Lower-rated and lesser-followed financial institutions hoping to execute unsecured transactions could face a long road to the market, bankers have warned, as unpredictable conditions deny them opportunities and investors favour more liquid names.

A stable first half of last week gave FIG issuers a foothold to finally begin to clear a hefty pipeline of senior unsecured deals. Issuance quickly gathered pace, culminating in a deluge of 10 trades in euros alone on Wednesday, including a rare taste of lower-rated debt in the form of a €500m senior preferred from BPER Banca – the first bank senior unsecured out of Italy since January 12.

But that stable footing was lost as equity markets crumbled beneath issuers' feet later that day. BPER's deal got through in the nick of time, but the deterioration dashed hopes that similar supply would quickly follow.

"We had almost three days of stability, that's why we saw the intraday BPER transaction, but now we are back at square one," said a banker at one of BPER's leads on Thursday.

The tone quickly improved and a positive open on Friday allowed the senior market to reopen, with the UK's NatWest selling a short-dated opco transaction.

But for the kind of issuers that require marketing efforts or at least a couple of days of stability before launching deals, bankers said the stop-start nature of the market represented a huge challenge.

The turbulence that has been a constant feature of 2022 – owing to the Russia-Ukraine conflict and concerns over rates and recession – has already sidelined those issuers for much of the year.
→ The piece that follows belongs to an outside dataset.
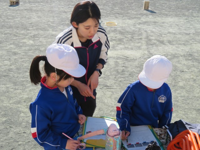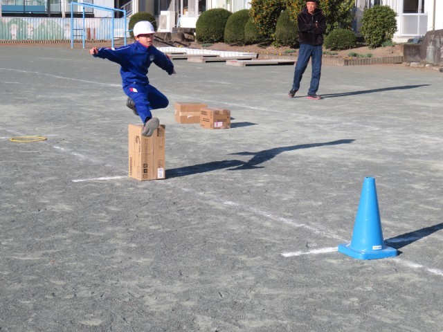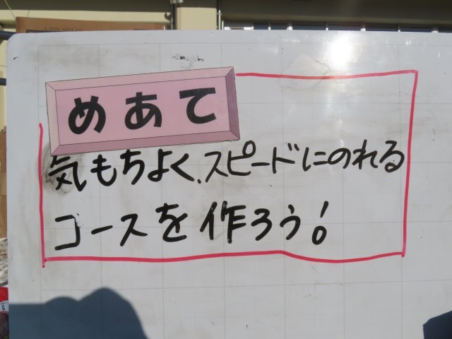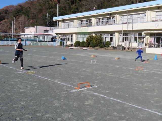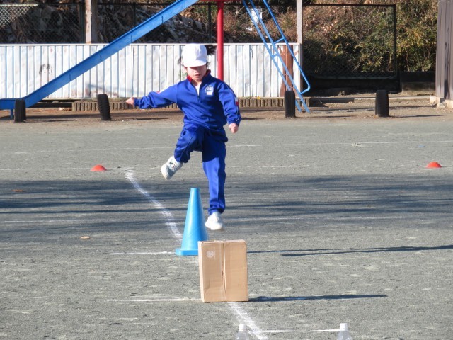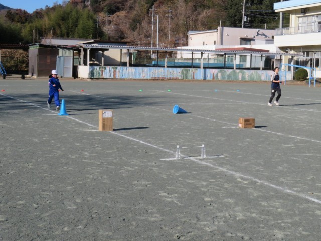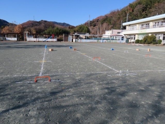 2・3年生は体育で「ミニハードル走」に挑戦していました。準備運動をした後、まずは、先生が用意した3m、3.5m、4m、4.5m間隔の4つのレーンの中から1つ選び、自分でダンボールやコーン、ペットボトル、ミニハードルなどの障害物を自由に置いてコースをつくりました。次に、今日のめあて「気持ちよくスピードにのれるコースをつくろう」を意識し、置く物を変えたり、高さを調節したりなどの工夫しながらコースをつくりかえ、友達や先生と対戦しました。最後に、自分が選んだ間隔と違うコースを走ってみて、気持ちよく走りこえられたコースはどこか、その理由は何かを考えていました。それにより、子どもたちは、「気持ちよく走りこえられるコースは、リズムが合う」ということをつかんでいました。この学習が、やがてハードル走の学習につながっていきます。

"It's very much a case of haves and have-nots in terms of market access," said a second banker.

The task is further complicated by upcoming public holidays across Continental Europe, the UK and the US and central bank meetings on the horizon, which will narrow issuance windows.

One step forward ...

With expected ratings of Ba3/BB+ by Moody's/Fitch, BPER's deal is the lowest rated in the euro FIG space since the unsecured market reopened at the start of last week.

Bankers said its success offered encouragement that deals could be done when there is a sufficient stability – with demand exceeding expectations – but on its own was not enough to open the door for further supply.

Leads Deutsche Bank, Morgan Stanley, Raiffeisen Bank International, UBS and UniCredit priced the deal at 245bp over mid-swaps, 20bp inside initial price thoughts, with books coming in above €850m (excluding leads).

"[BPER's deal] was a baby step," the lead banker said. "It was the lowest beta deal conceivable within the high beta space – it was a three-year non-call two, literally the shortest you can issue, it was mid-to-high Double B rated, and it was a clean bank, with no issues, be they regional, to do with Russia-exposure, or with non-performing loans.

"The pipeline of higher beta supply we're aware of and the rest that I'm sure is out there is not just Double B rated senior preferred. For those deals the path might be longer than expected, but we should still get there."

High bar

Market participants wondered aloud that if it took a spread in the mid-200s and almost three days of stability for a relatively clean Italian bank to sell super-short dated paper, then what might the cost be for a Greek or Cypriot bank – for example – to raise loss-absorbing debt, and how high would the bar be in terms of market conditions?

Among European banks, Greek, Cypriot and Portuguese lenders have the largest shortfalls to their final minimum requirement for own funds and eligible liabilities targets relative to their total assets. This year has been identified as a crucial one for banks to make headway.

Furthermore, while a risk-off tone dominates the market and more liquid alternatives offer elevated prices, bankers said such credits would face a hard time in commanding an audience.

"Look at the returns people got buying Deutsche Bank this week," said a third banker, referring to Deutsche's €500m six-year non-call five senior non-preferred priced at 193bp on Tuesday. "Investors don't need to chase that additional spread or yield by going into second or third-tier names."

The events of last week also showed how issuers hoping to execute riskier capital transactions face a tough task. For example, reinsurer Munich Re on Wednesday was unable to tighten the price of a US$1.25bn 20-year non-call 10 green Tier 2 from initial price thoughts, ultimately fixing the coupon at 5.875%, after markets turned against it. Bankers suggested the deal could have struggled to get over the line if it were not for the strength of the credit.

The euro market is yet to see any benchmark subordinated transaction since European banks exited their first-quarter reporting blackout periods. Deutsche Pfandbriefbank remains in the pipeline with a potential €300m Tier 2 transaction after holding investor calls last week.

Bankers close to the deal said they would continue to monitor the market this week.